Variety: “Big TV Killed the DVR”

http://variety.com/2014/tv/news/big-media-hopes-to-kill-the-ad-zapping-dvr-with-video-on-demand-1201061036/

Great article — including the sad truth that industry forces are partly to blame for the stagnation of DVR technology. (Witness TiVo’s current experience with the Comcast Xfinity Cable Card — it’s awful — e.g. watching VOD forces me to cancel in-process DVR recordings.) I’ve been in the TV technology business for many years — even a first-ever interactive video clip game on DIRECTV’s DVR Plus. Right before commercial launch, the HR-20 DVR set-top had so many devastating unrelated problems that the launch was cancelled.

There’s a reason that DISH and DIRECTV are the only pay TV providers with a decent DVR product. The cable companies never had DVR on their list of top priorities, even at the height of the DVR boom. (For years I tried to get access to the “record API” — without success — even when Comcast was trying to market their remote record features. Now they are more widely available and @seeIT was recently launched as a Twitter play, but this is likely too little too late.)

Still — as a fan of the tech, I have hope for the DVR. Four reasons:

First, for those of us that are use to the great “trick-play” features of DVR — Fast Forward, Rewind, Skip — even Netflix doesn’t compare. If your kids interrupt you while watching a Netflix movie, it’s kind of a pain to find the spot where you left off. Trick play is a bit of a blind spot for OTT.

Second — these ‘VOD lock-down’ features are right on the border between annoying and offensive. It’s one thing to prevent users from skipping commercials, it’s quite another if you are preventing them from finishing a show they started at another time; or from watching the ending of a reality show; or the big dunk of the game; or the 2nd interview on Charlie Rose. No surprise that cable companies aren’t considering the maddening unintended consequences here, and surely capitalism is vibrant enough to take advantage — if not right now, perhaps in a year or two.

Third, there’s Aereo — which is (slowly) teaching us that if we simply put an antenna on our roof, we can use DVR computer software or boxes like Simple.TV to get a great DVR experience that no one can ever take away.

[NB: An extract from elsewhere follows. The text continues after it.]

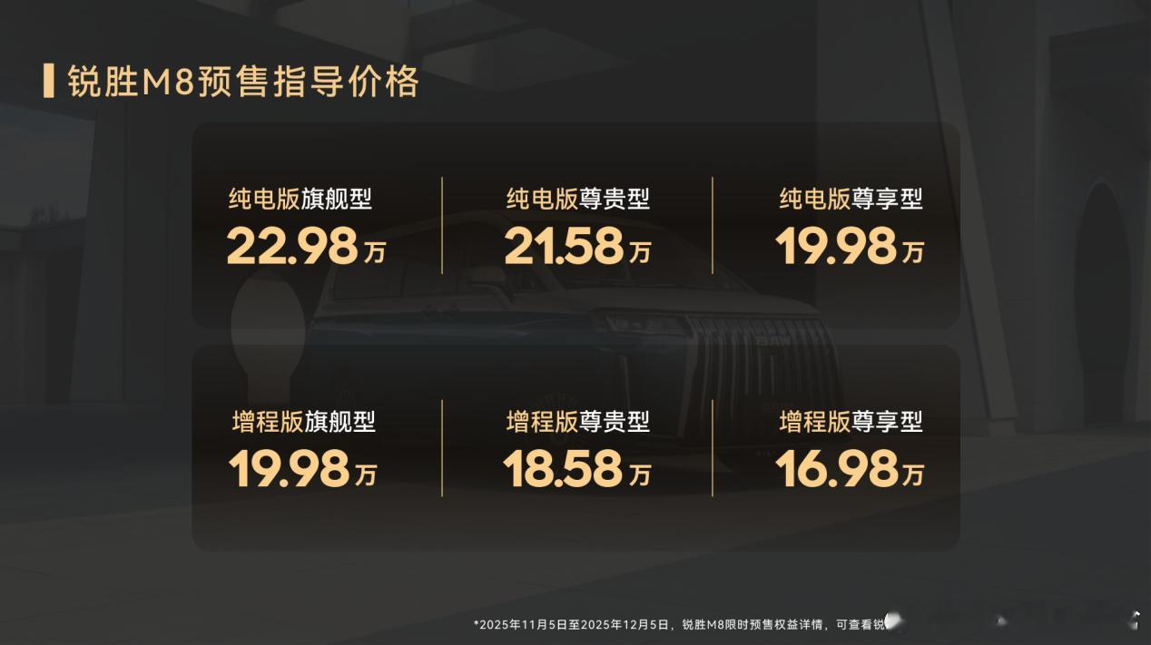 锐胜M8开启预售 11月5日,作为北京汽车制造厂旗下专注MPV赛道的独立品牌,锐胜汽车在青岛召开锐胜M8预售发布会。该车提供燃油、增程、纯电以及CNG多种动力版本供选,共推出6款车型,预售区间为16.98-22.98万元。

Finally, as mentioned above, there’s DISH and DIRECTV. They have a direct competitive interest in the technology, so they are continuing to innovate on it. While it’s true that the DVR has probably lost its long-term run as a “mass consumer” technology — the history of digital media is the history of fragmentation — fragmenting audiences, fragmenting devices, and fragmenting TV bundles. In that world — DVR will find a permanent home as a critical part of the video watching experience for those of us that simply don’t have the time or patience to watch TV at regular speed — it just feels like slo-mo.